WHAT IS EXPECTED
The records that follow are to be transcribed in full, leaving out each picture.

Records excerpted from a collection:
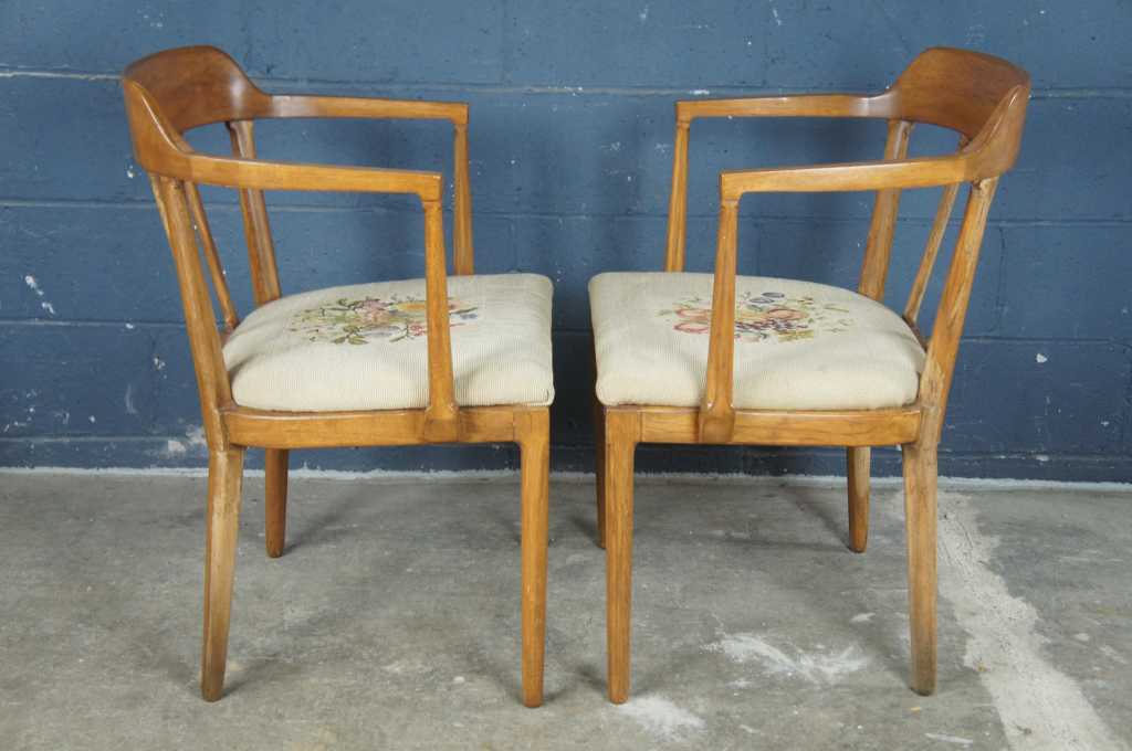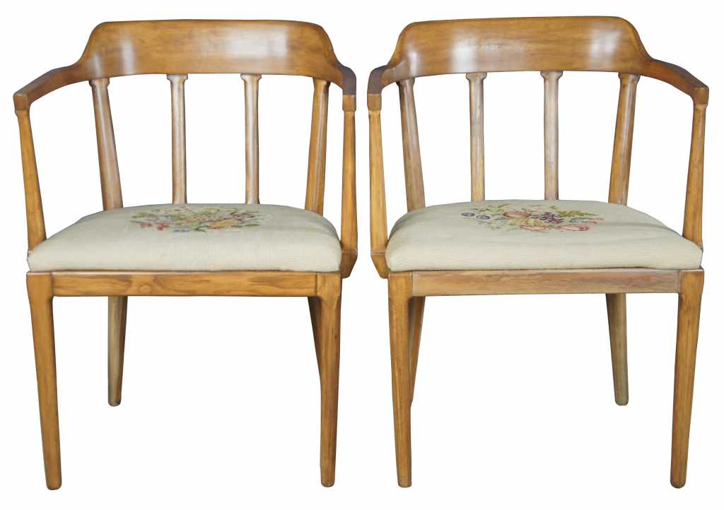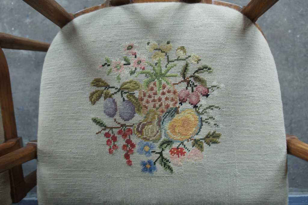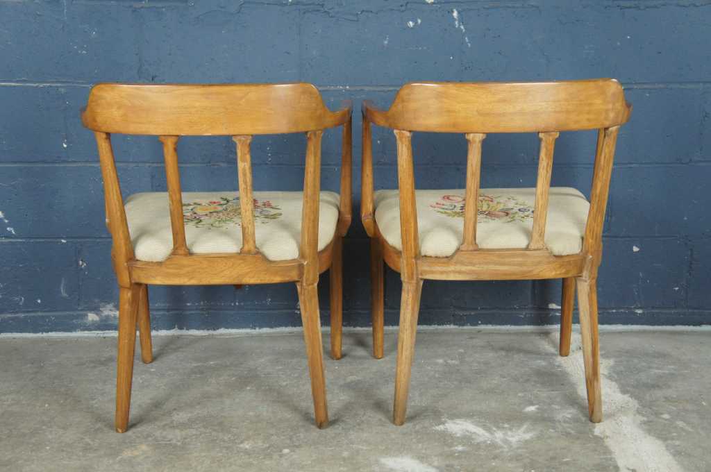 Made from walnut with a barreled slat back and embroidered seat
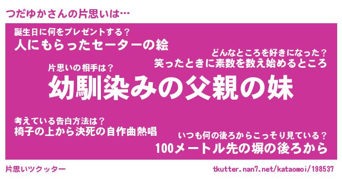 | 意味不明あだ名 | 『ペロリンつだゆか』『永久保存つだゆか』 |
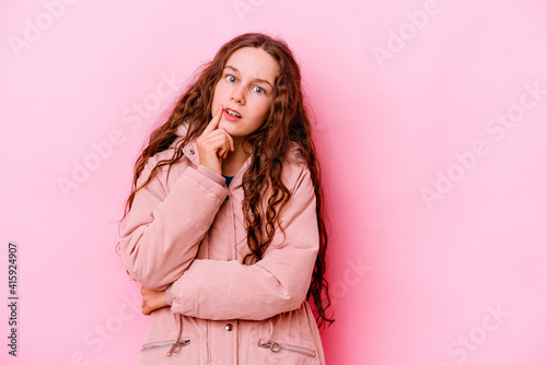 Little caucasian girl isolated on pink background looking sideways with doubtful and skeptical expression.
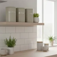 Recipiente Lata x 3 Azucar, Te, Cafe c/Asa 11 x 16 Beige Cod ...
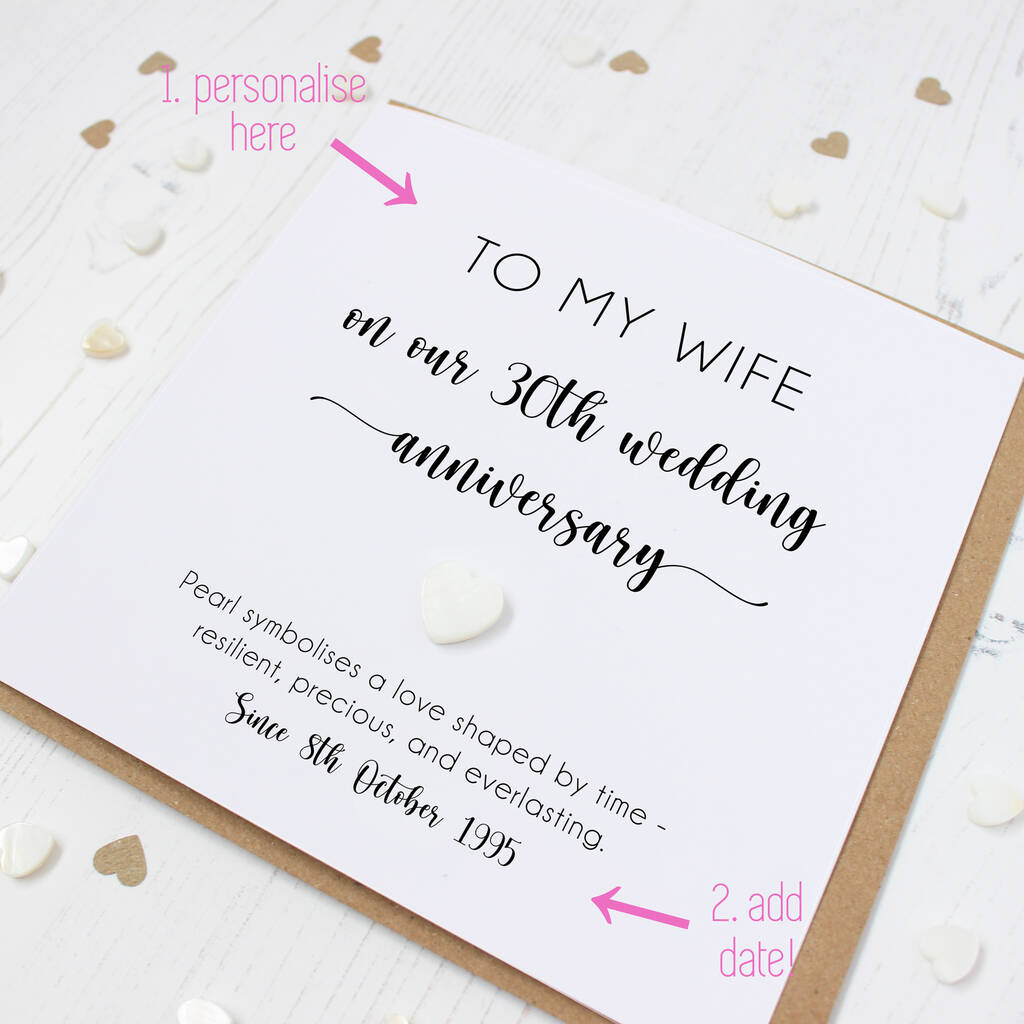 Featuring a handcrafted pearl shell heart - the traditional symbol of the pearl anniversary - this keepsake card is a meaningful way to mark thirty incredible years together.

REPLY TO THE EXERCISE
 Made from walnut with a barreled slat back and embroidered seat
 | 意味不明あだ名 | 『ペロリンつだゆか』『永久保存つだゆか』 |
 Little caucasian girl isolated on pink background looking sideways with doubtful and skeptical expression.
 Recipiente Lata x 3 Azucar, Te, Cafe c/Asa 11 x 16 Beige Cod ...
 Featuring a handcrafted pearl shell heart - the traditional symbol of the pearl anniversary - this keepsake card is a meaningful way to mark thirty incredible years together.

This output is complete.